When a company understands that the United States Government may have a claim against it, the company’s directors and officers are usually very aware of the applicable statute of limitations and the passage of time. When the relevant time period has passed without an action being filed, they may be inclined to indulge in a round of self-congratulation. Unfortunately, such celebration may be premature. Under significant pressure to bring more cases against alleged wrongdoers, the Government is increasingly relying on a 1948 statute, the Wartime Suspensions of Limitations Act (“WSLA”), to revive claims that would otherwise be time-barred.

The WSLA, which was based on the provisions of several World War II-era statutes, mandates in essence that when the country is at war, the statutes of limitation applicable to certain actions brought by the Government involving, among other things, frauds committed against the United States, are suspended until five years after the cessation of hostilities. The law has been amended several times, including a modification to address military engagements without a declaration of war pursuant to the War Powers Resolution. The relevant language of the statute specifies that when the US “is at war or Congress has enacted a specific authorization for the use of the Armed Forces…the running of any statute of limitations applicable to any offense (1) involving fraud or attempted fraud against the United States or any agency thereof in any manner…or (2) committed in connection with…any real or personal property of the United States, or (3) committed in connection with [a government contract]…related to the…the war or …use of the Armed Forces” shall be suspended until 5 years after the termination of hostilities…”

The WSLA is found in Title 18 of the US Code, dealing with criminal law, but there is nothing in its language expressly limiting its application to criminal prosecutions. Similarly, the name and legislative history of the statute suggest that it was intended to deal with cases in which the conduct at issue involved the ongoing war, but only subsection (3) of the statute is explicitly so limited. There is also the question of when exactly hostilities have been terminated.1 In the 50 years following the law’s enactment the Government made very sparing use of it, and there are not many cases addressing its scope. In recent years, the Government has relied on the WSLA far more frequently and in a wider variety of types of cases, including False Claims Act, FIRREA (Financial Institutions Reform, Recovery and Enforcement Act) and common-law actions. Claims of tax fraud seem tailor-made to fit within the language of the WSLA, and it may be anticipated that the Government will seek to employ it even in securities claims. Most courts and commentators that have addressed the scope of the statute’s applicability have focused on the type of military action that is covered by the statute. But few have explored what types of conduct constitute a “fraud or attempted fraud against the United States.” This broad phrase could encompass many different types of actions, and the Government can be expected to test the breadth of the WSLA’s applicability in future actions.
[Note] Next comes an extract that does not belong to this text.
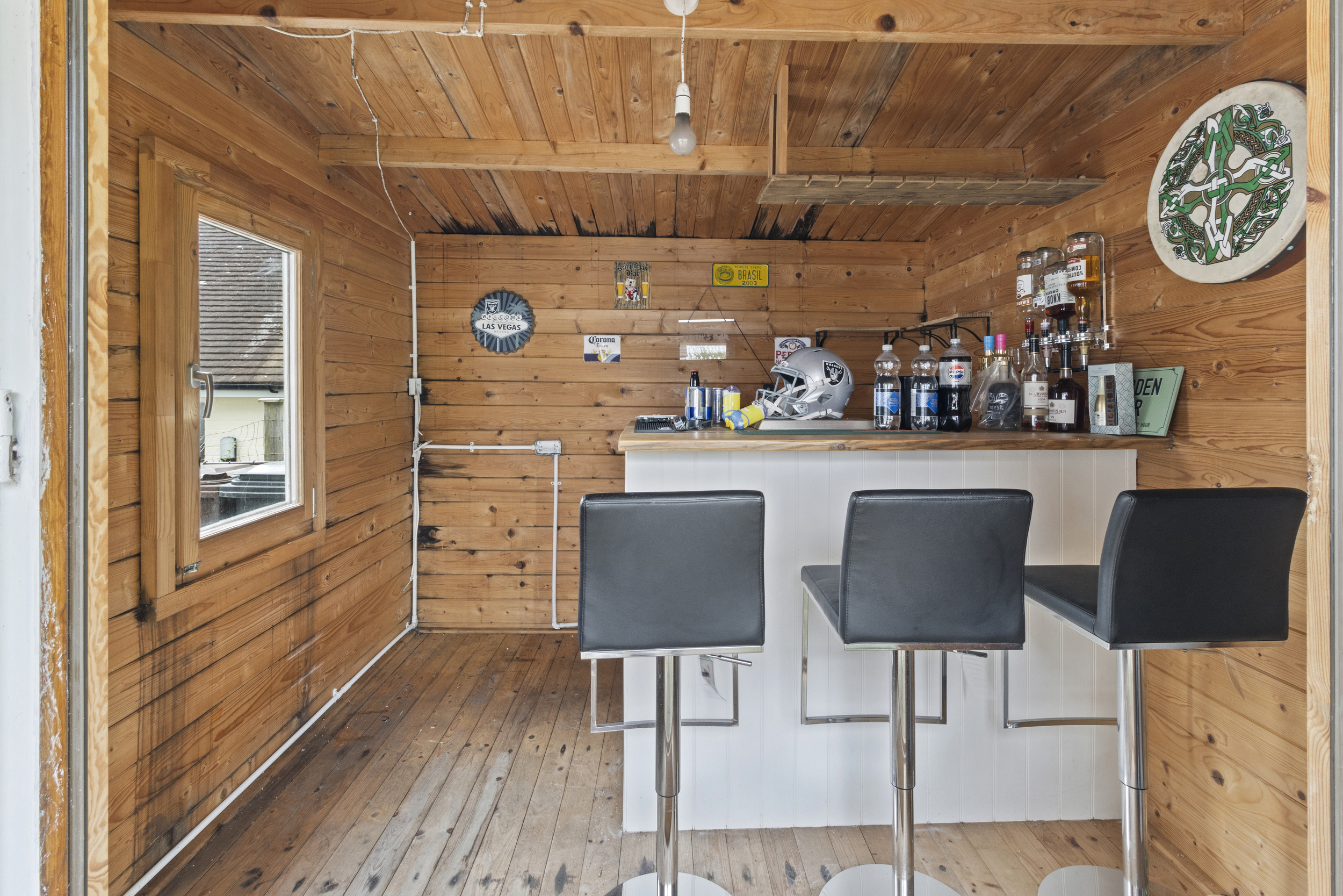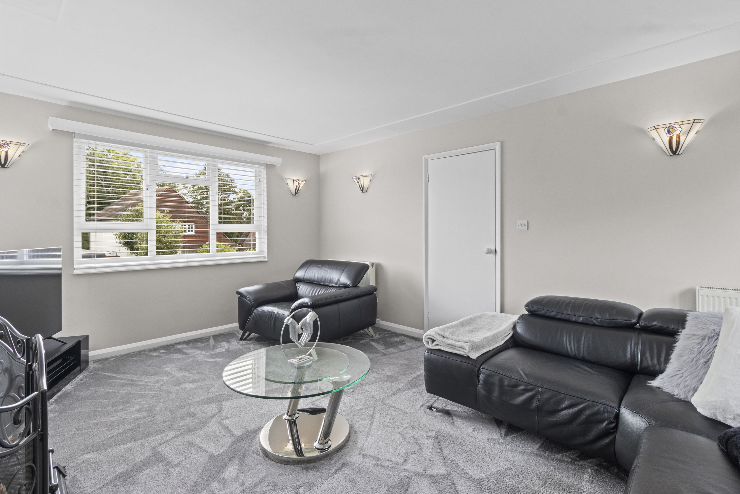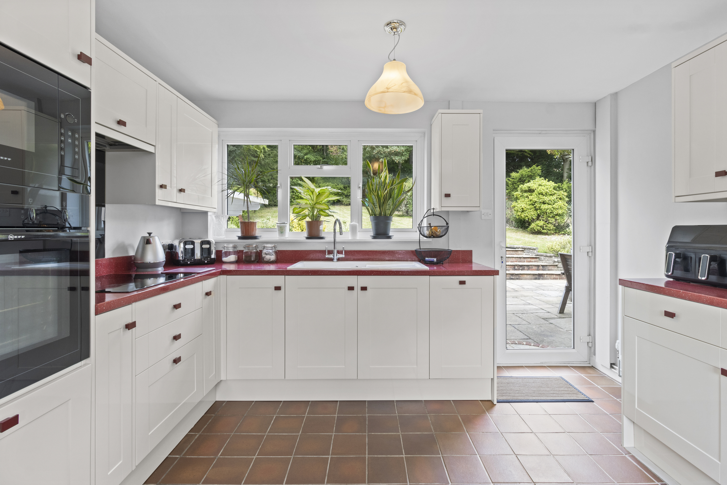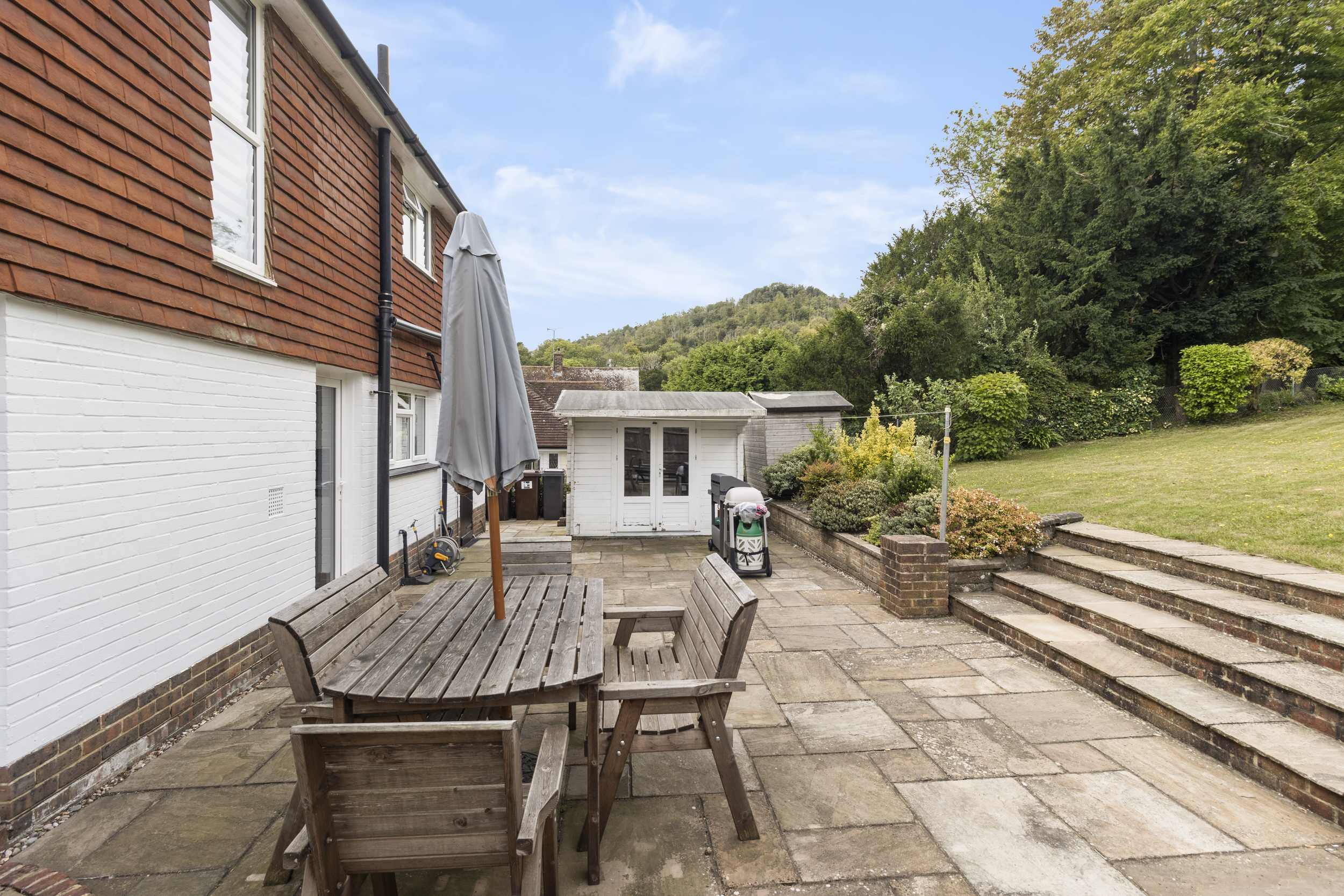 The rear garden is a true highlight of the home, featuring a spacious sandstone patio adjoining the property, perfect for outdoor dining and entertaining. Beyond, a generous expanse of lawn is framed by mature trees, creating a peaceful and private setting while offering a blank canvas for the new owners to design their dream garden.

In an ongoing case, U.S. v. Wells Fargo Bank, N.A.,2 the Government alleged under the False Claims Act, FIRREA and the common law that defendant Wells Fargo Bank, N.A. (“Wells Fargo”) had defrauded the Department of Housing and Urban Development regarding the origination of federally insured home mortgage loans, and failure to disclose the bad loans to the Government. Wells Fargo moved to dismiss the Government’s claims as, among other things, time-barred, and the Government opposed the motion relying, in part, on the WSLA. Wells Fargo argued in reply that the WSLA applied only to criminal cases and that it was not clear whether the statute applied to matters that did not concern wartime contracting. Wells Fargo’s motion to dismiss is pending.

Although the the position asserted by Wells has many good policy and other arguments to support it, a number of courts, including the Fourth Circuit in a very recent decision,3 have ruled that the WSLA applies to civil claims. And while there is some authority, and a very strong policy argument, in favor of limiting the scope of the WSLA to war-related matters, the language of subsection (1) of the WSLA does not clearly limit the statute to such claims. Furthermore, the Supreme Court held in 1953 in a case unrelated to war that the WSLA applies to frauds against the Government “of pecuniary nature or of a nature concerning property.”4

Even if the WSLA applies to civil frauds unrelated to war, could it possibly apply to securities fraud claims? Courts have yet to address whether a violation of securities laws is a fraud “against the United States.” In the typical securities fraud case, the Government is not itself the victim of the fraud. Rather, investors are the victims and the Government merely brings enforcement actions aimed at enjoining the alleged wrongdoers from further violations and punishing them by imprisoning or fining them or causing them to disgorge ill-gotten gains. When viewed in this context, a typical securities fraud does not seem to be a fraud “against the United States.” Moreover, the distinction between the Government as victim and as enforcer is a significant one, as made clear by the Supreme Court in a recent decision, S.E.C. v. Gabelli, in which it rejected an argument by the Securities and Exchange Commission that the limitations period for a securities fraud claim for civil penalties was subject to a discovery rule.5 Thus, applying the WSLA to securities fraud claims seems to be a stretch.

But entities that know of potential claims against them by the Government should be aware that the Government may nonetheless try pushing the envelope in order to test how many different types of claims the courts will let it rescue from time bar by its newly invigorated claim resuscitator, the WSLA.